Data Lake Formation (DLF) provides table management APIs compatible with the Apache Paimon REST Catalog. The file storage structure is fully compatible with Paimon, allowing any Paimon-compatible engine or application to create, update, query, and delete tables managed by DLF.

The main data hierarchy in a catalog is as follows:

image
  1. Catalog: The top-level container for metadata. A catalog organizes resources in a hierarchy that enforces isolation and permission boundaries across services and users. It also governs data lake storage and table operations.

  2. Database: A logical grouping within a catalog that provides finer-grained organization and access control.

  3. Table: DLF supports multiple table types for unified management and seamless compatibility with different compute engines and formats. To enable encryption at rest, submit a ticket.

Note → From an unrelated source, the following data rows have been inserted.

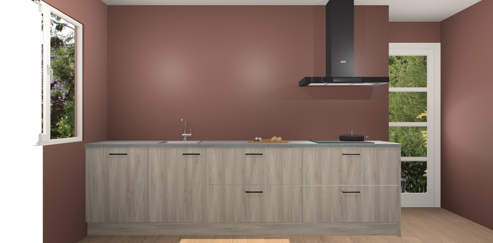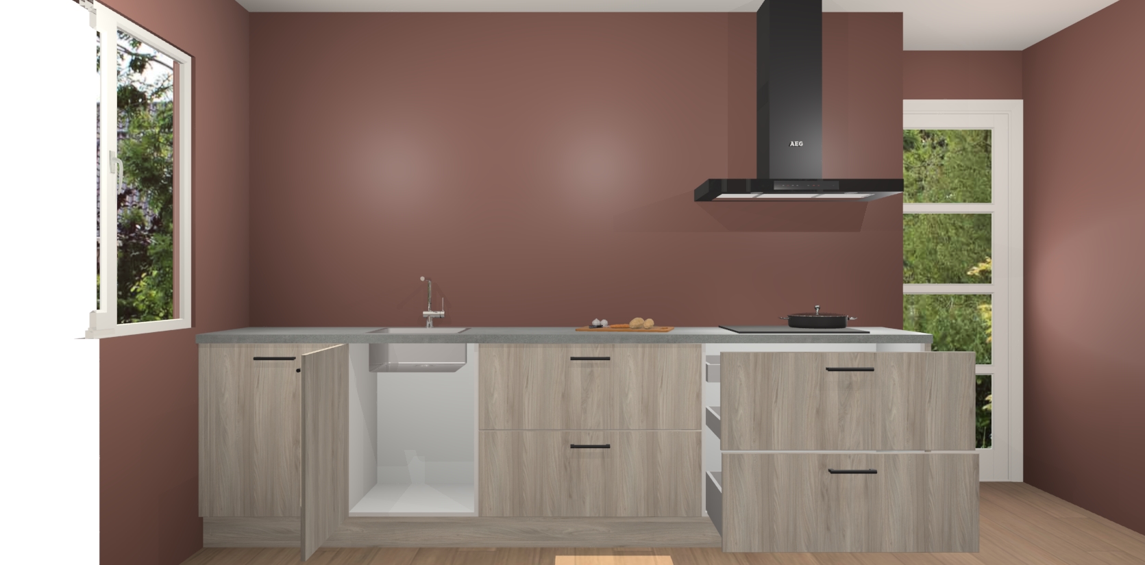 De softclose deuren openen en sluiten is ook heel eenvoudig - geniet van een moeiteloze keukenervaring, zelfs als er kinderen rondlopen. Voor extra gemak bij het plaatsen van uw bestelling bieden we ook een upgrade naar een kookplaat met geïntegreerde afzuiging.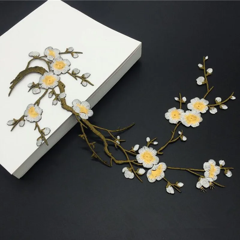 Discount !! 1pcs Plum Blossom Flower Applique Clothing Embroidery Patch Fabric Sticker Iron On Sew On Patch Craft Sewing Repair Embroidered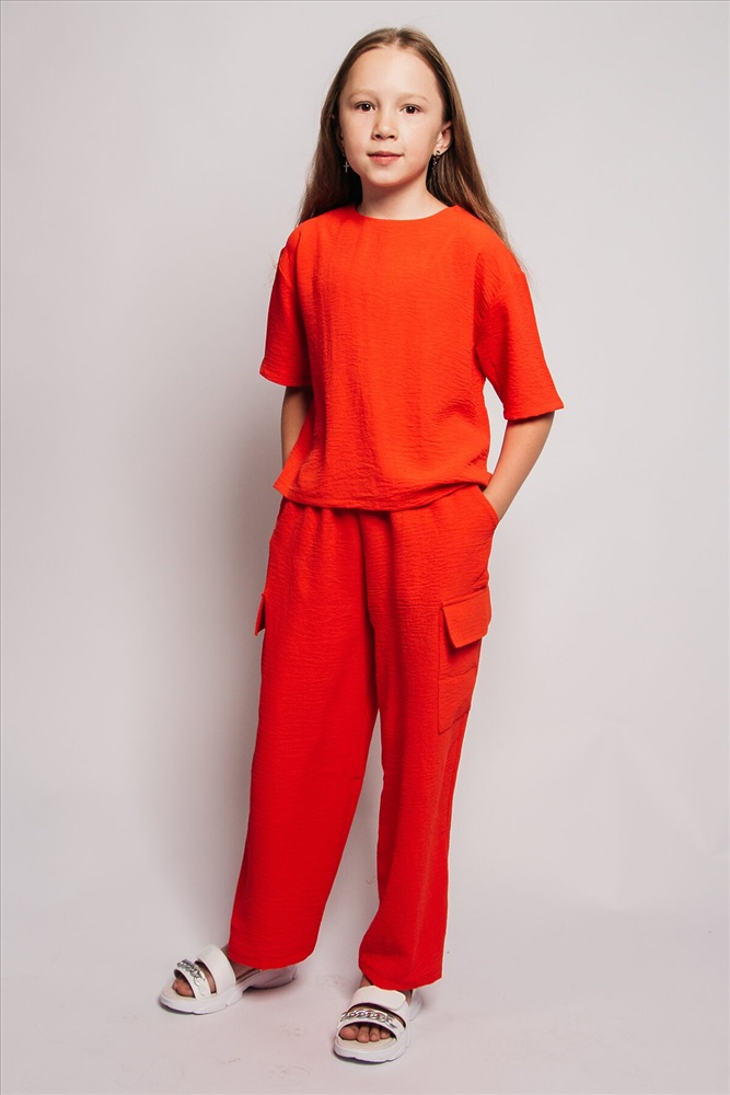 ID товара: 901126 Состав: 80% Хлопок, 15% Вискоза, 5% Эластан Сезон: Весна/Лето Длина: Средняя Фасон: Прямой Рукав: короткие Крой брючин: Прямой Тип карманов: Накладные Основная ткань: Хлопок Стиль: Повседневный Вид ткани: Сингапур Страна бренда: Россия Страна производства: Россия Костюм для девочки летний - это настоящая находка для модных детей подростков, состоящий из футболки и брюк! Он выполнен из легкой и дышащей ткани - что обеспечивает комфорт даже в самые жаркие дни. Изделие не требует специального ухода: достаточно машинной стирки на деликатном режиме при 40 градусах. Этот стильный, яркий комплект станет самой любимой вещью в гардеробе вашего ребенка. Штанишки можно сочетать с красивой футболкой, широкой толстовкой на молнии, спортивной блузой и удобной обувью, в этом прогулочном костюме ребенку будет комфортно, уютно и тепло в любую погоду. Футболка для девочки прямого силуэта со спущеным коротким рукавом. Горловина круглая обработана обтачкой из основного полотна. Низ изделия и рукавов обработан швом в подгибку. Брюки широкие с завышенной линией талии, силуэт расширяется сразу же от пояса и дальше остается прямым. На боковых швах брюк выполнен накладной карман с клапаном из основного материала. Комментарии к товару

  4. View: Views are persisted in DLF and support multiple SQL dialects, enabling configuration across different compute engines.

  5. Function: Functions are persisted in DLF and currently support Flink JARs (Java and Python) and Java Lambda functions executed on the Spark engine.

Unified metadata service

DLF provides a unified metadata management service. A single catalog centrally manages metadata for tables, views, and functions, breaking down silos between compute engines so that Alibaba Cloud's big data and AI engines can access omni-modal data without per-engine configuration.

Multi-modal data support

DLF manages both structured and unstructured data through a single catalog, with native support for major open table formats and AI data types:

  • Data lake formats: Full support for Apache Paimon, Apache Iceberg, and their ecosystem components.

  • AI and vector data: Support for the Lance format for high-performance AI retrieval and training.

  • Unstructured data: Manage non-tabular datasets such as images and videos using Object Tables, providing interoperability between storage and compute.

  • Standard file formats: Support for Hive-compatible format tables, including Parquet, CSV, and ORC.

Unified access control

DLF centralizes security management so that a permission granted once applies automatically across all connected compute engines without per-engine configuration.

  • Granular authorization: Control access at four levels—catalog, database, table, and column.

  • Multi-engine synchronization: Authorize an operation once and the policy takes effect across all connected compute engines.

This ensures consistent data access, stronger security, and significantly simplifies cross-engine operations and maintenance (O&M) processes.